TASK GOAL: Please reproduce the listing word for word. Pictures stay out.

INFORMATION PROVIDED:
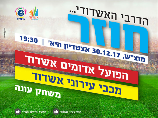 עוד שמונה ימים זה קורה, במוצאי השבת הבאה (19:30), תעצור העיר אשדו מלכת, כשהדרבי הגדול של ליגה ב', בין קבוצות האוהדים של מכבי עירוני והפועל אדומים אשדוד, ייפגשו ראש בראש על המאבק לפסגת הליגה.
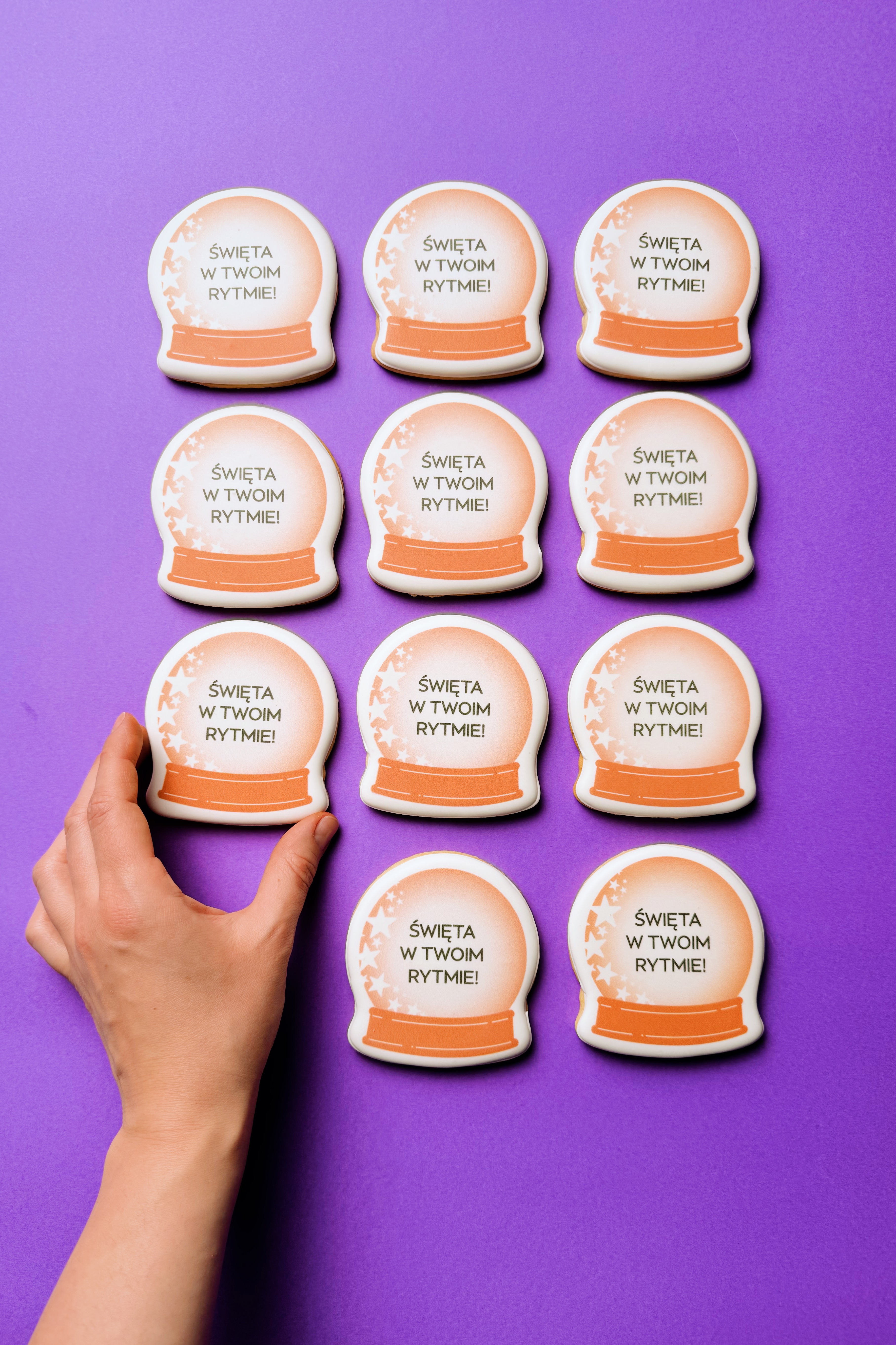 Do boxa PR, oprócz kolagenu REME, trafiły nasze ręcznie dekorowane ciastka inspirowane najnowszym smakiem produktu – mango-marakuja. Odwzorowałam efekt ombre z etykiety kluczowego produktu, podkreśliłam owocowe nuty suplementu poprzez cytrusowy zest w cieście, nawiązałam do identyfikacyjni wizualnej REME, nie zapominając o świątecznym kontekście wysyłki kreatywnej. Całość uzupełniły tailor-made opakowania zaprojektowane pod kampanię influencer marketingową, dzięki czemu box był gotowym, instagramowym contentem dla twórców. Efekt? Ogrom publikacji w social mediach oraz kreatywne unboxingi m.in. u Joanny Przetakiewicz i Izabeli Janachowskiej. Ta realizacja pokazuje, że artystyczne ciastka z logo marki mogą być pełnoprawnym elementem strategii marketingowej – szczególnie w branży beauty, zdrowego odżywiania i produktów premium.
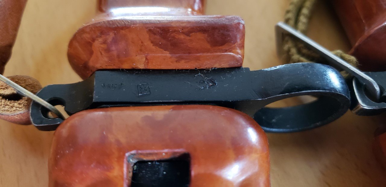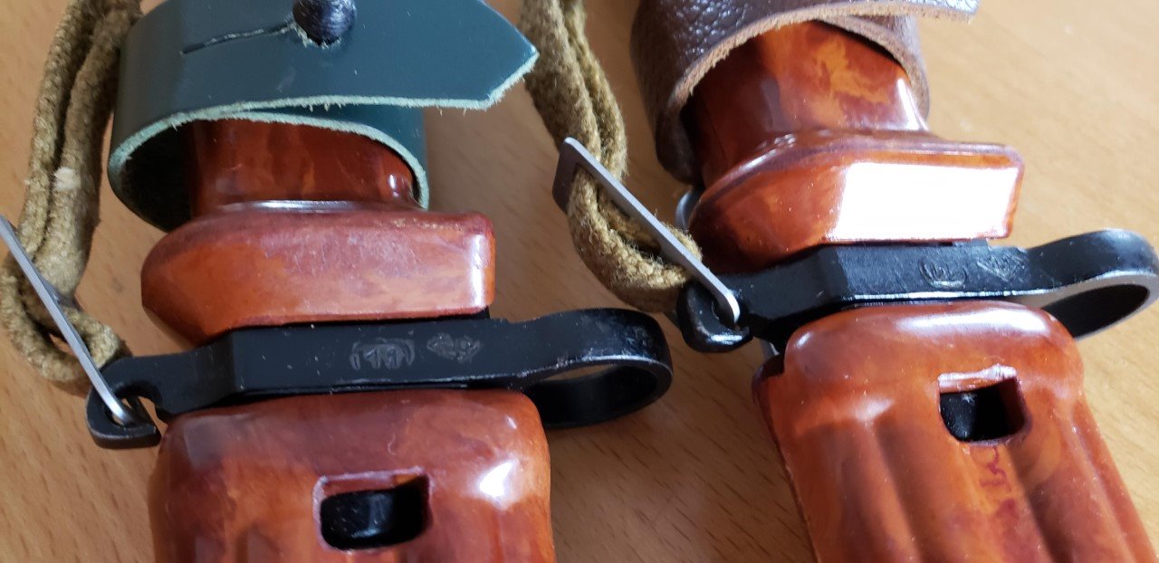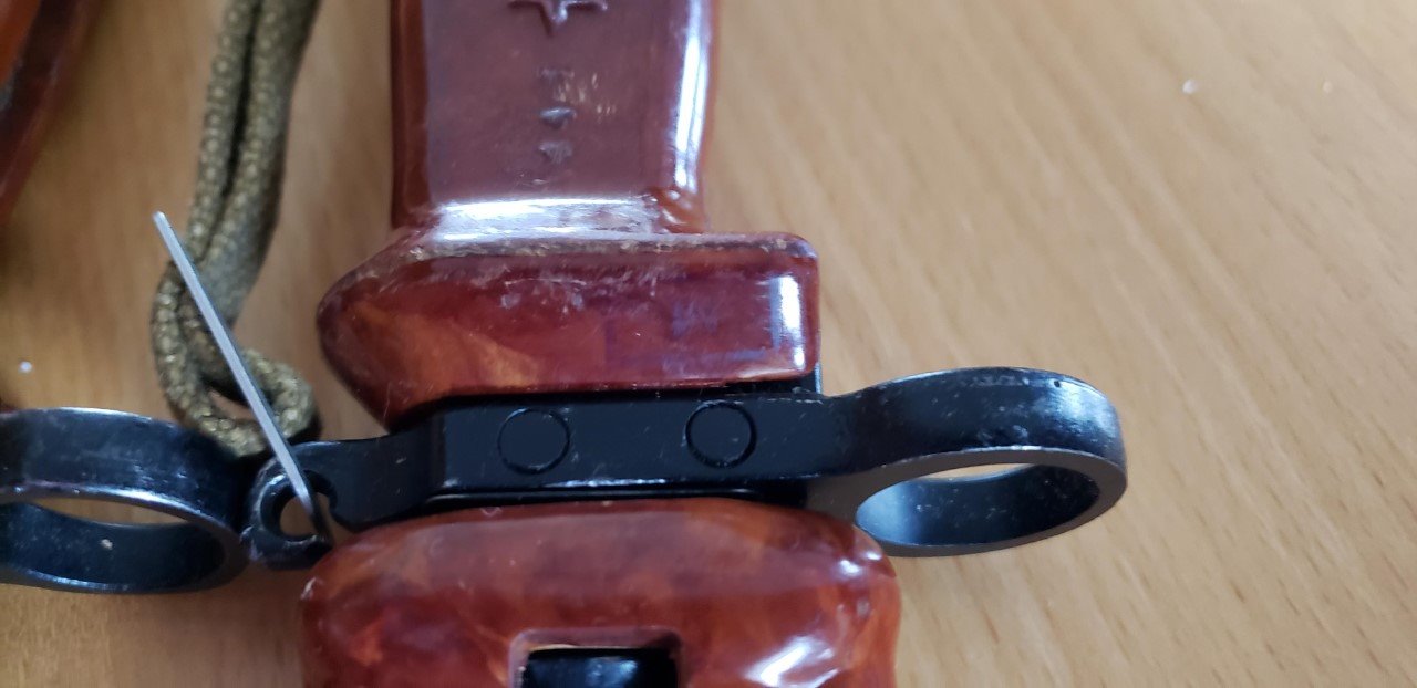 Has anyone else noticed the difference in the molding of Russian AKM 6X4 Type I bayonets from the Tula Arsenal? The Type I bayonets are the ones with the machined cross guards with flush ground rivets. I have both the early style with the arsenal mark on the flat behind the muzzle ring and the late style with the only arsenal mark stamped on the front of the cross guard by the blade. Both of these have molded grips with a flat front where they meet the cross guard. Both of the grips are smooth with out any mold marks. The grips on all the other AKM 6X4 bayonets in my collection from both arsenals taper to meet the cross guard.

COMPLETED EXERCISE:
 עוד שמונה ימים זה קורה, במוצאי השבת הבאה (19:30), תעצור העיר אשדו מלכת, כשהדרבי הגדול של ליגה ב', בין קבוצות האוהדים של מכבי עירוני והפועל אדומים אשדוד, ייפגשו ראש בראש על המאבק לפסגת הליגה.
 Do boxa PR, oprócz kolagenu REME, trafiły nasze ręcznie dekorowane ciastka inspirowane najnowszym smakiem produktu – mango-marakuja. Odwzorowałam efekt ombre z etykiety kluczowego produktu, podkreśliłam owocowe nuty suplementu poprzez cytrusowy zest w cieście, nawiązałam do identyfikacyjni wizualnej REME, nie zapominając o świątecznym kontekście wysyłki kreatywnej. Całość uzupełniły tailor-made opakowania zaprojektowane pod kampanię influencer marketingową, dzięki czemu box był gotowym, instagramowym contentem dla twórców. Efekt? Ogrom publikacji w social mediach oraz kreatywne unboxingi m.in. u Joanny Przetakiewicz i Izabeli Janachowskiej. Ta realizacja pokazuje, że artystyczne ciastka z logo marki mogą być pełnoprawnym elementem strategii marketingowej – szczególnie w branży beauty, zdrowego odżywiania i produktów premium.
 Has anyone else noticed the difference in the molding of Russian AKM 6X4 Type I bayonets from the Tula Arsenal? The Type I bayonets are the ones with the machined cross guards with flush ground rivets. I have both the early style with the arsenal mark on the flat behind the muzzle ring and the late style with the only arsenal mark stamped on the front of the cross guard by the blade. Both of these have molded grips with a flat front where they meet the cross guard. Both of the grips are smooth with out any mold marks. The grips on all the other AKM 6X4 bayonets in my collection from both arsenals taper to meet the cross guard.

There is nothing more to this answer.